The laboratory was founded in 1982.
Main research areas
Studies of the processes of reception of hormones, cytokines and growth factors and their intracellular signaling.
Elucidation of molecular mechanisms of regulation of tissue growth, migration, proliferation and differentiation of cells.
Studies of the components of fibrinolytic system and navigation receptors in the growth of blood vessels and nerves.
It was found that arterial injury leads to the expression in the vessel wall of urokinase and its receptor, which are the key participants of the migration of vascular and blood cells towards vessel lumen. Researchers of the Laboratory were the first, who determined the tertiary structure of urokinase and its complex with the urokinase receptor. The results obtained allowed to hypothesize that hydrogen peroxide acts as a secondary mediator and mediates the activating effect of growth factors, cytokines and urokinase on cell migration and proliferation.
Urokinase binding to the receptor is studied; it leads to the triggering of signaling cascades inside the cell, cytoskeleton rearrangement, redistribution of adhesive contacts, stimulation of cell adhesion, migration and proliferation. The role of the urokinase receptor in the selection of the growth trajectory and branching of the growing axon is clarified.
Biosensor technology and intravital microscopy of single cells are implemented in the laboratory.
The ongoing research in the laboratory is aimed to clarify the molecular mechanisms of cellular adipocytic differentiation and the development of insulin resistance. A new transcription factor Prep1, which controls the activity of PPARγ, the master regulator of adipogenesis and lipid metabolism, is described. At present, the mechanism of Prep1 action is being determined and its targets are investigated in the adipocyte genome.

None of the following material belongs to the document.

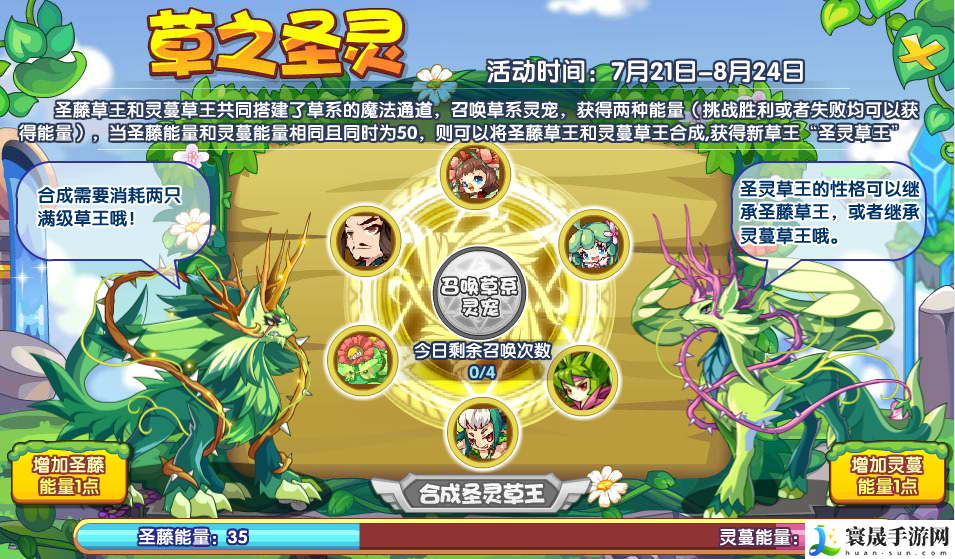 本活动需要考验小洛克们一些计算能力,挑战不一定要成功!时刻关注两遍能量的变化从而调整作战方针!只要圣藤与灵蔓能量均达到50就可以开启:圣灵草王合体!

The most significant results of the recent years
The mechanisms of vascular cell tolerance to the action of hormones and pharmacological substances are studied and the role of hypoxia in these processes was shown.

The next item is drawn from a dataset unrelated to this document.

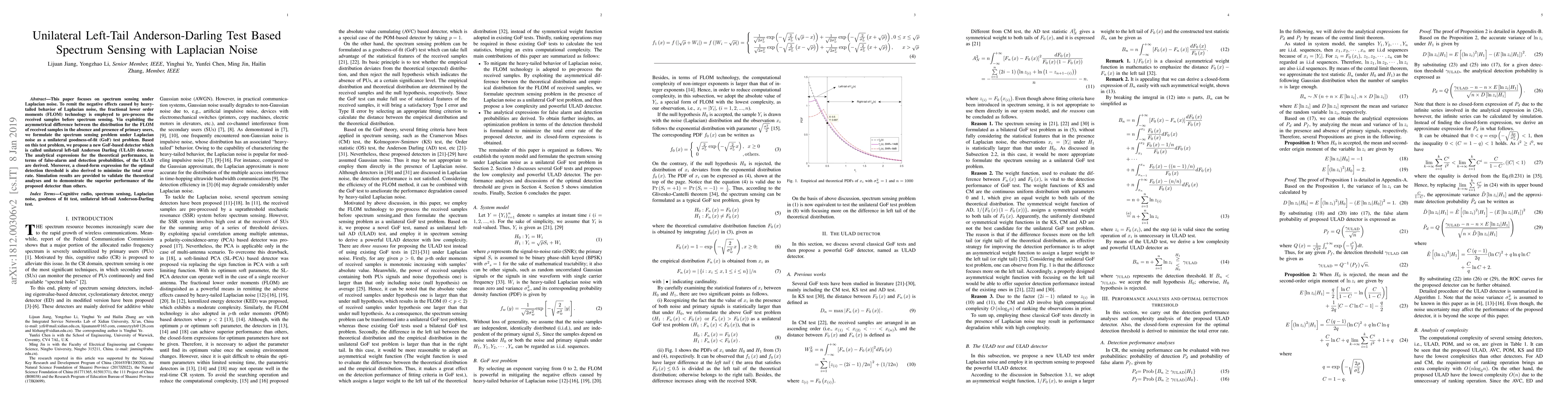 This paper focuses on spectrum sensing under Laplacian noise. To remit the negative effects caused by heavy-tailed behavior of Laplacian noise, the fractional lower order moments (FLOM) technology is employed to pre-process the received samples before spectrum sensing. Via exploiting the asymmetrical difference between the distribution for the FLOM of received samples in the absence and presence of primary users, we formulate the spectrum sensing problem under Laplacian noise as a unilateral goodness-of-fit (GoF) test problem. Based on this test problem, we propose a new GoF-based detector which is called unilateral left-tail Anderson Darling (ULAD) detector. The analytical expressions for the theoretical performance, in terms of false-alarm and detection probabilities, of the ULAD are derived. Moreover, a closed-form expression for the optimal detection threshold is also derived to minimize the total error rate. Simulation results are provided to validate the theoretical analyses and to demonstrate the superior performance of the proposed detector than others.

The interaction of urokinase with the extracellular matrix protein fibulinin-5 was established. Fibulin-5 was shown to affect the integrin-dependent urokinase effects on cell proliferation and migration and intracellular signaling.

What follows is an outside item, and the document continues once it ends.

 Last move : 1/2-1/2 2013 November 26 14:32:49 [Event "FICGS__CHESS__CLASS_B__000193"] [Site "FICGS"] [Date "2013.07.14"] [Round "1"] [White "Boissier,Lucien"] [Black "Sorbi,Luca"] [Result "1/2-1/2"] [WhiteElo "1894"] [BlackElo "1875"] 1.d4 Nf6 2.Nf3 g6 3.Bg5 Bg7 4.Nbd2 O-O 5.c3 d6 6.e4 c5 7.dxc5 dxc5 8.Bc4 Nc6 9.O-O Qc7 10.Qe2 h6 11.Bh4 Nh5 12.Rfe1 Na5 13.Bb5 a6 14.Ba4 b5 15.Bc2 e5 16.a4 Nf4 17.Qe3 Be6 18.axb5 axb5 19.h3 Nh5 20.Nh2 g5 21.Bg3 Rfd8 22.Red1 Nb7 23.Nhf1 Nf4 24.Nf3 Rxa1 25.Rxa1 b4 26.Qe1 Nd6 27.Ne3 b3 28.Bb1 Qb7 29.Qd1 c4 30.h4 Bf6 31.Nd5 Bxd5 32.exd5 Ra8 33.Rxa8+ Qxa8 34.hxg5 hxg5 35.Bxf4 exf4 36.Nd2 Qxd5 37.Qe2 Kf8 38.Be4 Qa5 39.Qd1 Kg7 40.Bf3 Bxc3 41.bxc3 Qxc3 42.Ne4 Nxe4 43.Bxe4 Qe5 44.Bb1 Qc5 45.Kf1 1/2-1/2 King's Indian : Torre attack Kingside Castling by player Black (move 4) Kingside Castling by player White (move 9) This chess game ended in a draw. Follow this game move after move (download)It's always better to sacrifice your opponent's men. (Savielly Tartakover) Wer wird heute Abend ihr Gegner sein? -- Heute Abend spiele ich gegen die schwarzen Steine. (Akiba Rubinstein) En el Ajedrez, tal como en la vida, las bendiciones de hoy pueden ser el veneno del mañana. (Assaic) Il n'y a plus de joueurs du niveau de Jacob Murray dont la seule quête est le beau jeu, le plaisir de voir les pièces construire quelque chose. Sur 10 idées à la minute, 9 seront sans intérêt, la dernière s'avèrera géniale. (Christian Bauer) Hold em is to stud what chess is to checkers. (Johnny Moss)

A new urokinase signaling pathway regulating gene expression was identified; it is mediated by the rapid nucleoline-dependent translocation of urokinase into the nucleus, and is responsible for the phenotypic transdifferentiation of fibroblasts into myofibroblasts.
Based on the MRI analysis, a new mechanism for the interaction of urokinase with the urokinase receptor was described, according to which β-layers in the growth factor like domain of uPA are not necessary for the interaction with urokinase receptor.
Researchers of the laboratory identified and characterized mesenchymal stem cells (MSC) of human adipose tissue. The ability of these cells to stimulate tissue regeneration and to induce the growth of blood vessels and nerves was established. The mechanisms of that stimulation were revealed: it was established that the stimulating effect of MSCs is due to both the soluble secretion products (growth factors, cytokines and chemokines) as well as the generation of microvesicles. The effect of inflammation and hypoxia on the functional activity of these cells was evaluated. It was established that the rate of migration of mesenchymal cells is controlled by the receptor-dependent mechanism, including activation of NADPH oxidase (NOX), formation of reactive oxygen species and accumulation of hydrogen peroxide inside the cells.
A new transcription factor Prep1 and the mechanism of regulation of the activity of PPARγ, the master regulator of adipogenesis and lipid metabolism, are described. Prep1 was shown to belong to a family of homeobox-containing factors that are critical for cell differentiation, including adipocytic differentiation. Evidence was obtained that Prep1 can regulate the cells sensitivity to insulin action.